● EXERCISE DIRECTIONS
In duplicating the lines below, keep every word unchanged and drop the pictures.

● MATERIAL PROVIDED

"""

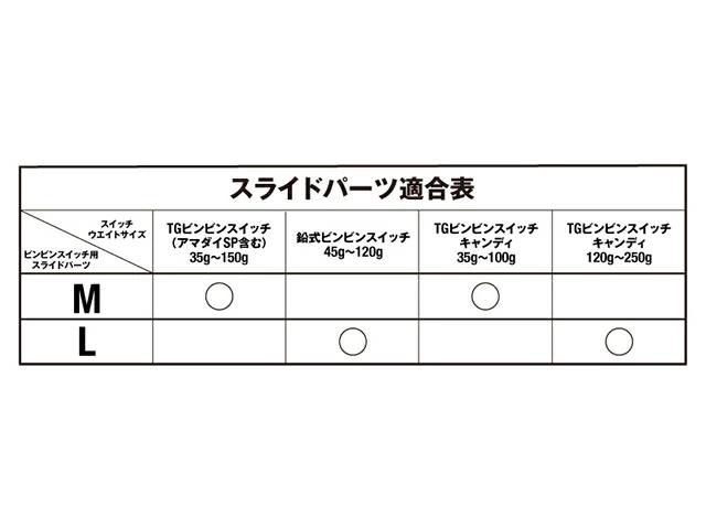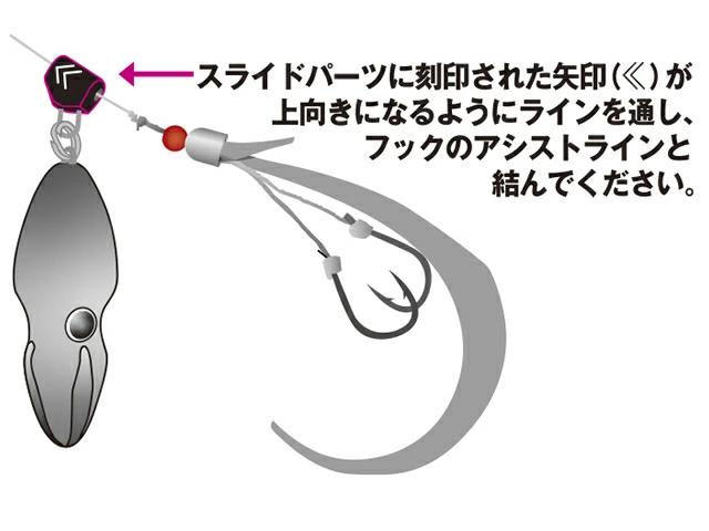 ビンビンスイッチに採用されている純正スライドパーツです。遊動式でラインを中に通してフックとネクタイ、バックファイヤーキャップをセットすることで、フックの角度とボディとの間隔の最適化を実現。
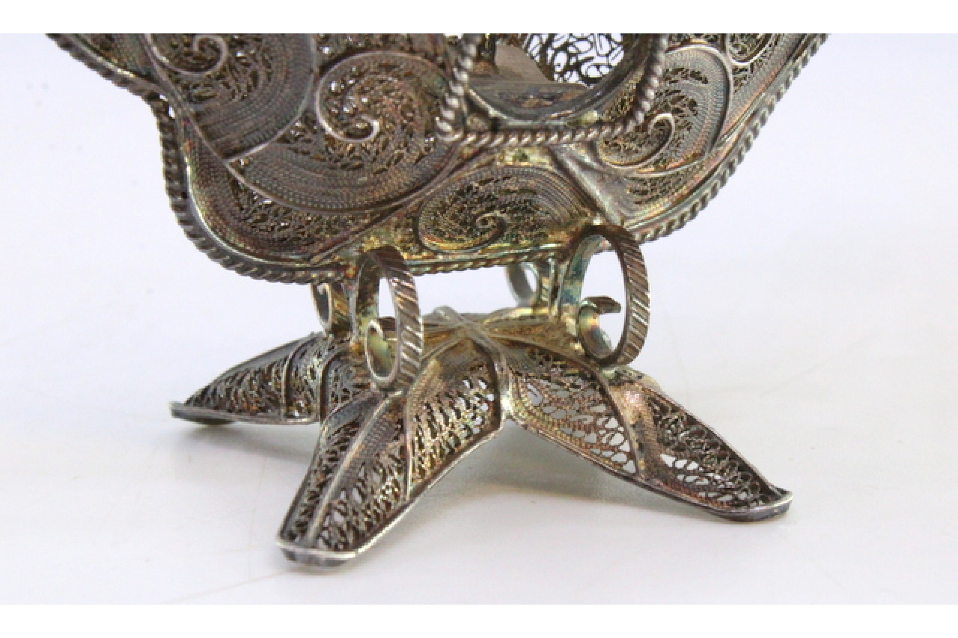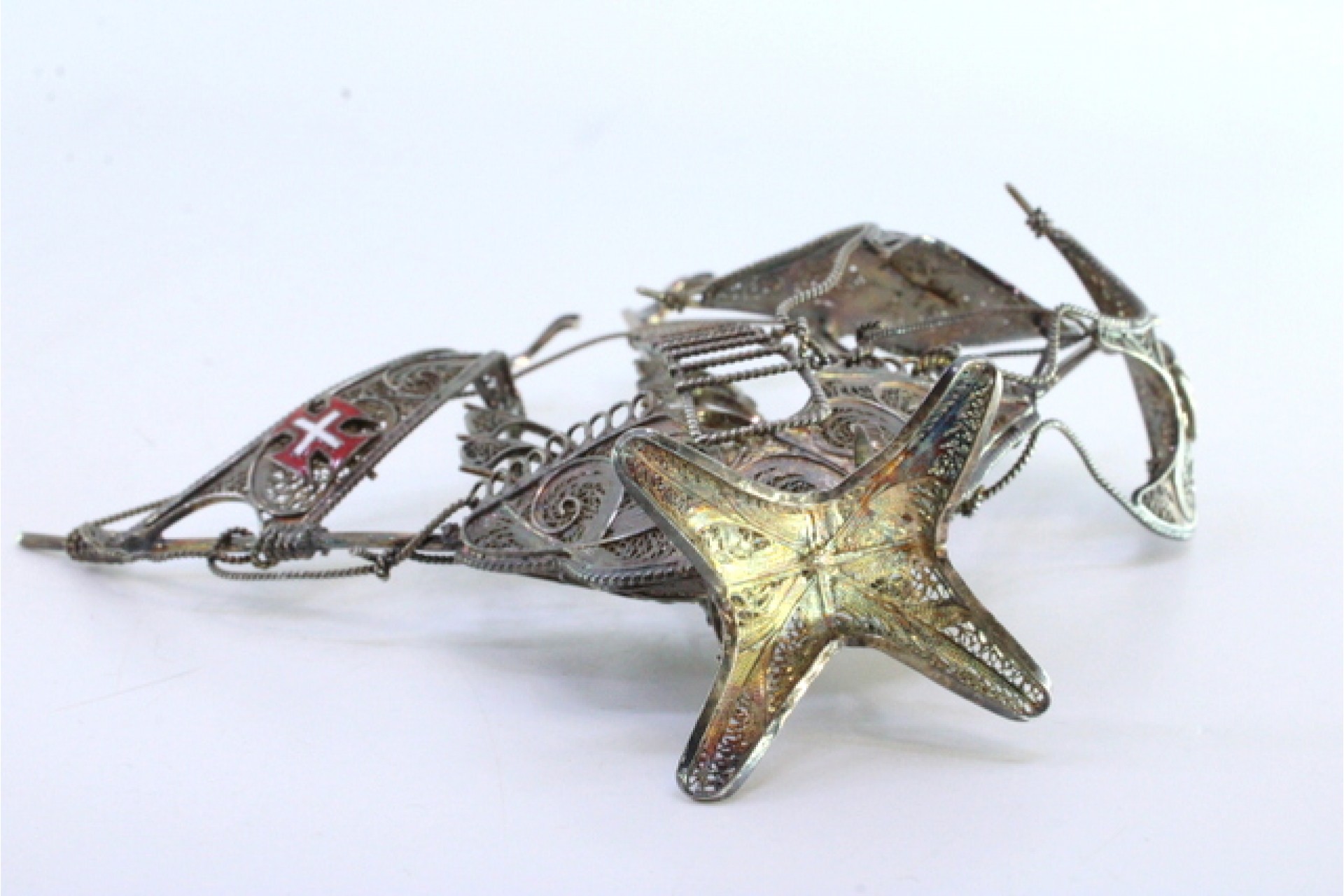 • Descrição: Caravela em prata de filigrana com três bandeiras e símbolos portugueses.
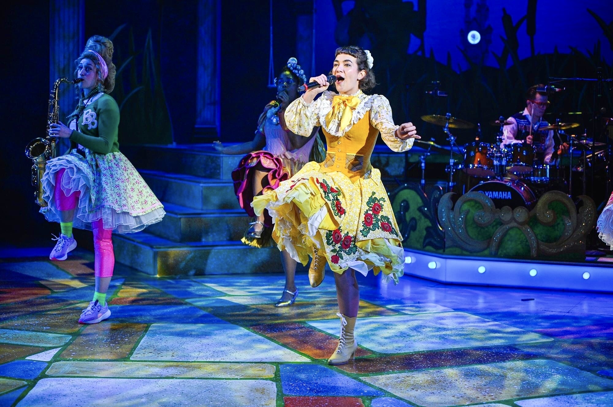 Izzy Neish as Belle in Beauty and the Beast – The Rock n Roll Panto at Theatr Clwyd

"""

● COMPLETED TASK
 ビンビンスイッチに採用されている純正スライドパーツです。遊動式でラインを中に通してフックとネクタイ、バックファイヤーキャップをセットすることで、フックの角度とボディとの間隔の最適化を実現。
 • Descrição: Caravela em prata de filigrana com três bandeiras e símbolos portugueses.
 Izzy Neish as Belle in Beauty and the Beast – The Rock n Roll Panto at Theatr Clwyd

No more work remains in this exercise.